§ **Task item**: When you reach the line with "今回の塗料、Mr.カラー リトルアーモリーカラー LAC101" in the listing below, transcribe it and each line after it up to and including the line with "我们,2025年11月22日", exactly and with nothing else.

§ **Data records**:

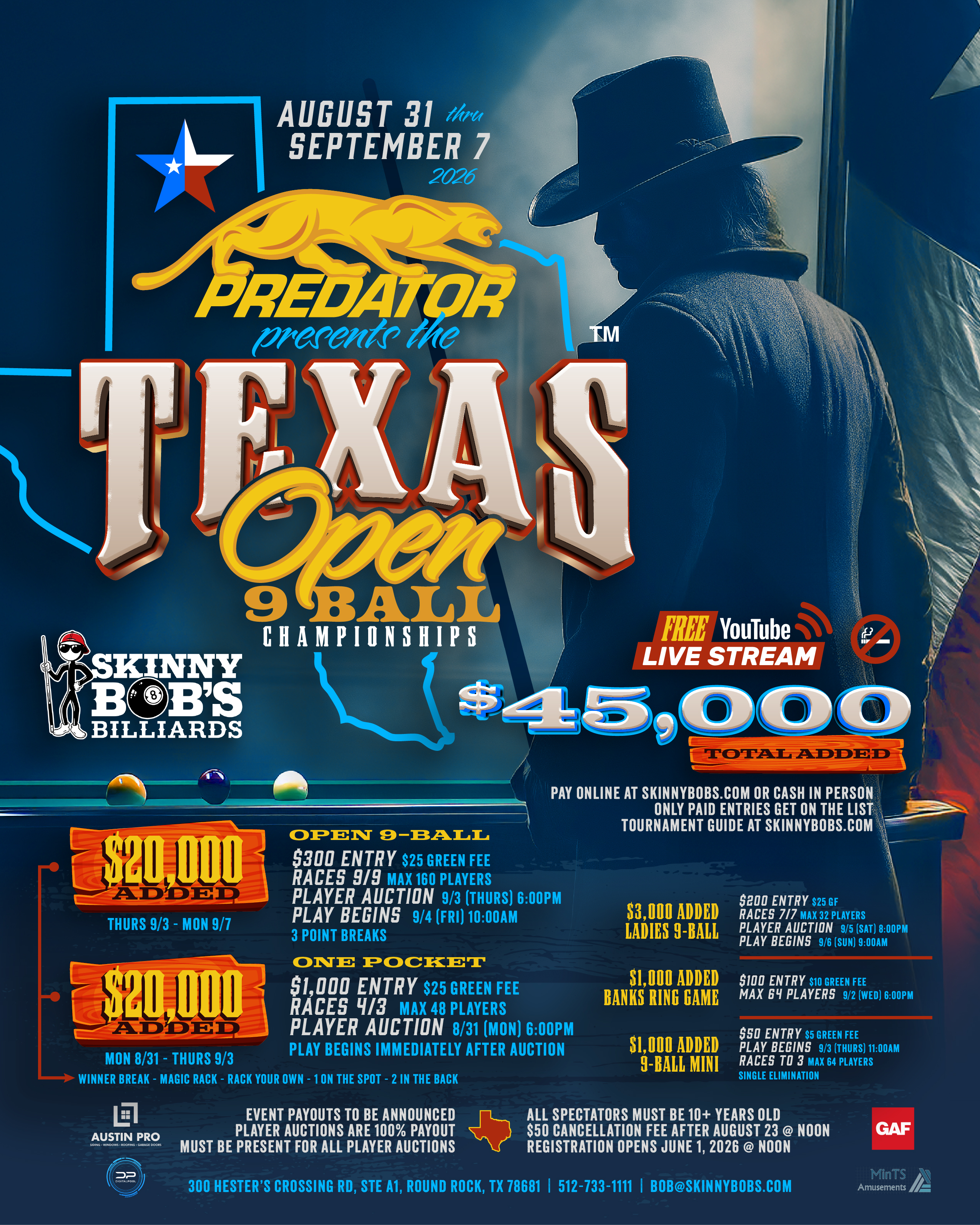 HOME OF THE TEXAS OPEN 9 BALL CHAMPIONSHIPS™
==
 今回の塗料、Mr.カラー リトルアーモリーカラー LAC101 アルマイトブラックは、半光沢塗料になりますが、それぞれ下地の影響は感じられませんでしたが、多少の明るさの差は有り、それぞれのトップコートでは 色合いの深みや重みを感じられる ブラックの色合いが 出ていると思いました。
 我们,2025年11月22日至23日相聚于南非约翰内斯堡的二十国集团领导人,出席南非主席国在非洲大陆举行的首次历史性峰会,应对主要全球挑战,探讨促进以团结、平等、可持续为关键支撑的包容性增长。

§ **Exercise answer**:
 今回の塗料、Mr.カラー リトルアーモリーカラー LAC101 アルマイトブラックは、半光沢塗料になりますが、それぞれ下地の影響は感じられませんでしたが、多少の明るさの差は有り、それぞれのトップコートでは 色合いの深みや重みを感じられる ブラックの色合いが 出ていると思いました。
 我们,2025年11月22日至23日相聚于南非约翰内斯堡的二十国集团领导人,出席南非主席国在非洲大陆举行的首次历史性峰会,应对主要全球挑战,探讨促进以团结、平等、可持续为关键支撑的包容性增长。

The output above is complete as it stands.